Database Administrators Asked on November 21, 2021
I try to figure out how to improve Postgres 10.6 pg_trgm queries with German umlauts (äöü). In german ‘ö’ can be written as ‘oe’. But beware: not every ‘oe’ can be written as ‘ö’.
CREATE TABLE public.names
(name text COLLATE pg_catalog."default");
CREATE INDEX names_idx
ON public.names USING gin (name COLLATE pg_catalog."default" gin_trgm_ops);
SHOW LC_COLLATE; -- de_DE.UTF-8
When I use the similarity()
function to query the similarity for ‘Schoenstraße’.
SELECT
name,
similarity (name, 'Schoenstraße') AS similarity,
show_trgm (name)
FROM
names
WHERE
name % 'Schoenstraße'
ORDER BY
similarity DESC;
I get the following result:
Name similarity show_trgm
Schyrenstraße 0.588235 {0x9a07c3,0xde3801,"" s"","" sc"",chy,ens,hyr,nst,ren,sch,str,tra,0x76a40e,yre}
Schönstraße 0.5625 {0x9a07c3,0xde3801,0xf00320,0x095f29,"" s"","" sc"",0x6deea5,nst,sch,str,tra,0x76a40e}
db<>fiddle here
Is there anything I can do to improve that or do I need to replace all umlauts in the DB?

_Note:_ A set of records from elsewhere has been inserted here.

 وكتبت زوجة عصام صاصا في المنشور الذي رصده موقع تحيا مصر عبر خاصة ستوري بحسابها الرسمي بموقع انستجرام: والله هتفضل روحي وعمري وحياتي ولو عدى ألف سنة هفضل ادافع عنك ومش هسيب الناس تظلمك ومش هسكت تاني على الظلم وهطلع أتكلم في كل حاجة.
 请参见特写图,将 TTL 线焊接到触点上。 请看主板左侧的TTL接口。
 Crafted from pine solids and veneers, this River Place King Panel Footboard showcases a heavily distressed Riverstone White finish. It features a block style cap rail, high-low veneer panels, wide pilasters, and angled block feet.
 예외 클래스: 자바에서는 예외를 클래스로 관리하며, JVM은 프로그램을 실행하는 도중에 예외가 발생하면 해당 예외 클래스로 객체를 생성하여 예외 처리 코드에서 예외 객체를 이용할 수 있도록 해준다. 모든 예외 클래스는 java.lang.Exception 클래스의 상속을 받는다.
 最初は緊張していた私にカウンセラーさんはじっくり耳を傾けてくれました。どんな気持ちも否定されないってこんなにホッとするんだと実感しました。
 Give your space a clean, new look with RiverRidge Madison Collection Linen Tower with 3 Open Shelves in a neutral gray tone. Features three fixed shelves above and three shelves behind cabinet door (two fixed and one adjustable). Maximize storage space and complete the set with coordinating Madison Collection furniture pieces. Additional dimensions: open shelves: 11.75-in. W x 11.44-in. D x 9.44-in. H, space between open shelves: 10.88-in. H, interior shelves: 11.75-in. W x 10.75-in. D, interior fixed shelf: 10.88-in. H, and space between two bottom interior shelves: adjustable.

For starters: A German poet is still a Poet. 'Poet' <> 'Pöt'; 'oe' <> 'ö'. The convention to replace 'ö' with 'oe' is largely out of use nowadays. See:
I have had related problems many times. The additional module unaccent
is instrumental to cover spelling variants and typos on both sides. Install it once per database:
CREATE EXTENSION unaccent;
See:
The tricky part is to get index support with it. Details may be hard for beginners.
Then create the wrapper function as instructed here (same link again):
Create a new index with it:
CREATE INDEX names_trgm_idx ON names USING gin (f_unaccent(name) gin_trgm_ops);
Query demo:
SELECT name
, similarity(f_unaccent(name), f_unaccent('Schoenstraße')) AS sim_unaccent
, similarity(name, 'Schoenstraße') AS sim
FROM names
WHERE f_unaccent(name) % f_unaccent('Schoenstraße')

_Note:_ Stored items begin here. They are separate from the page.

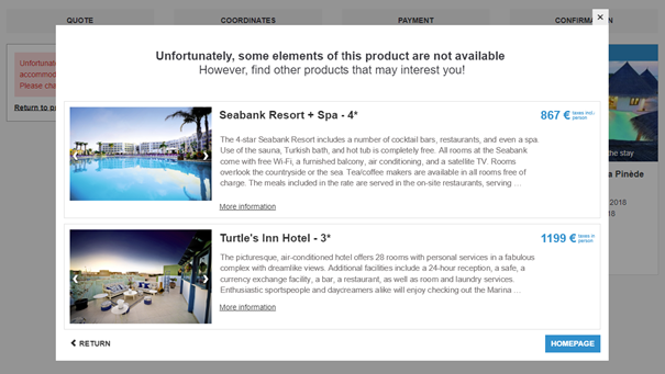 Pourquoi ? Lors d’une recherche de packages sur le processus de réservation il peut arriver que le produit ne soit pas disponible et donc qu’une page de devis « KO » soit affichée à l’utilisateur.
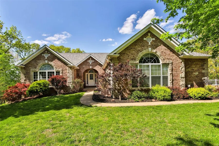 Discover peaceful living in this updated 4 bd, 2.5 bth, 3 car gar atrium ranch located in Huntington Trails on 4 acres with approx. 4000 sq ft of living space. A large welcoming foyer leads you toward the open floor plan showcased by a vaulted great room w/ fireplace, the large open kitchen & breakfast rm that all enjoy the dramatic view. The oversized wrap around deck is perfect for watching nature in your own private yard. The split bedroom floor plan provides a relaxing primary suite. The bedroom & bath enjoy windows that bring light & beautiful views. The primary bath has dbl sink, whirlpool tub & separate shower. Additional bedrooms share a hall bath. The walk-out lower level provides a sleeping room, bath, exercise room & a wonderful wet bar for entertaining in the wide open media/recreation rm. Step outside to your private oasis. Don't miss the other features:solid surface counters, newer roof 3/24, Cul-de-sac, shed, Jeff R-VII Schools, upgraded decorative elements throughout.
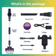 - Multiple Attachments: The vacuum comes with a motorized floor brush for deep cleaning, a crevice tool for tight spaces, and a 2-in-1 upholstery brush for fabrics, ensuring versatile cleaning across all surfaces.
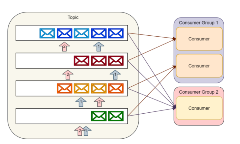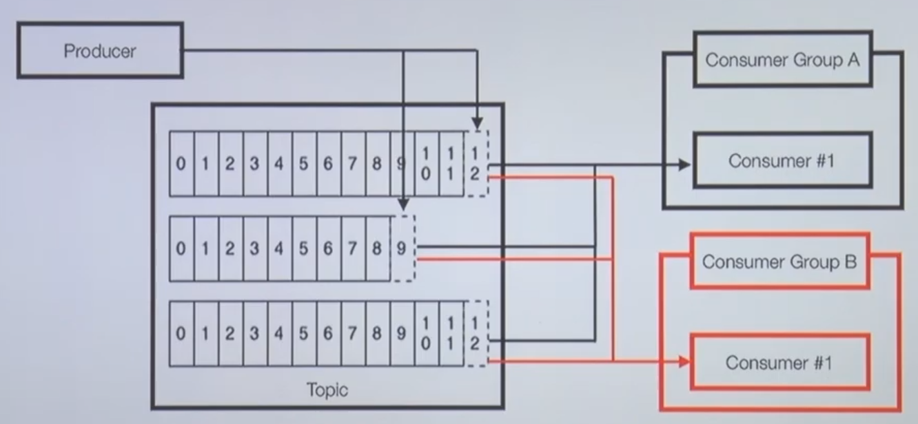 3개의 파티션을 가지는 1개의 토픽이 있고, 2개의 커슈머 그룹이 있다고 가정합니다. 예를 들어, 파티션 맨 위에 있는 것을 파티션 0번이라 했을 때, offset 12번을 처리한다고 하면, 컨슈머 그룹 A에 있는 Consumer1도 읽을 수 있고, 컨슈머 그룹 B에 있는 Consumer1도 해당 메세지를 읽을 수 있습니다.
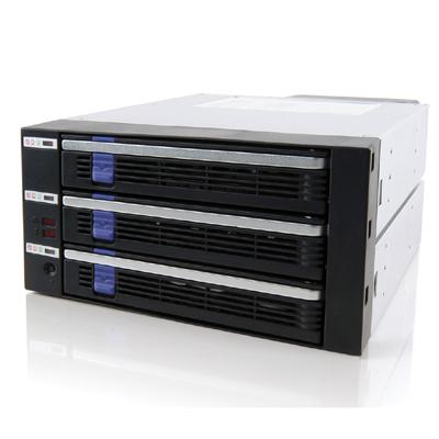 3 Hot Swap SATA I/II HDD in 2 X 5.25 Drive Bay Aluminum Rack W/ Swappable Fan Black

ORDER BY f_unaccent(name) <-> f_unaccent('Schoenstraße')
, name <-> 'Schoenstraße'; -- best match first
Sorting by name <-> 'Schoenstraße'
additionally serves as tiebreaker to get best matches first (after filtering cheaply with the index).

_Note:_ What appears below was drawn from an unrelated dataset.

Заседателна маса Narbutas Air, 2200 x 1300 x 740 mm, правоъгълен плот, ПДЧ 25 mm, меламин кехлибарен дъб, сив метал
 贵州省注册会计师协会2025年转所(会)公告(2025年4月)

Consider a GiST index instead of GIN for "nearest neighbor"-type queries with LIMIT
. See:
Consider full text search to just match complete words (after stemming), or with prefix matching / phrase search ... See:
The unaccent
module provides a dictionary for integration in a TEXT SEARCH CONFIGURATION
:
CREATE TEXT SEARCH CONFIGURATION de (COPY = german);
ALTER TEXT SEARCH CONFIGURATION de
ALTER MAPPING FOR hword, hword_part, word WITH unaccent, german_stem;
Index based on it:
CREATE INDEX names_fts_idx ON names USING GIN (to_tsvector('de', name));
Alternatively, since you are dealing with names, you might base it on the simple
text search configuration instead of german
. No stop words, no stemming. Names don't necessarily follow language-specific rules.
Query demo:
SELECT name
, ts_lexize('unaccent', name)
, to_tsvector('de', name)
, to_tsquery('de', 'Schoenstraße')
, to_tsvector('de', name) @@ to_tsquery('de', 'Schoenstraße') AS match
, similarity(name, 'Schoenstraße')
FROM names
WHERE to_tsvector('de', name) @@ to_tsquery('de', 'Schoenstraße')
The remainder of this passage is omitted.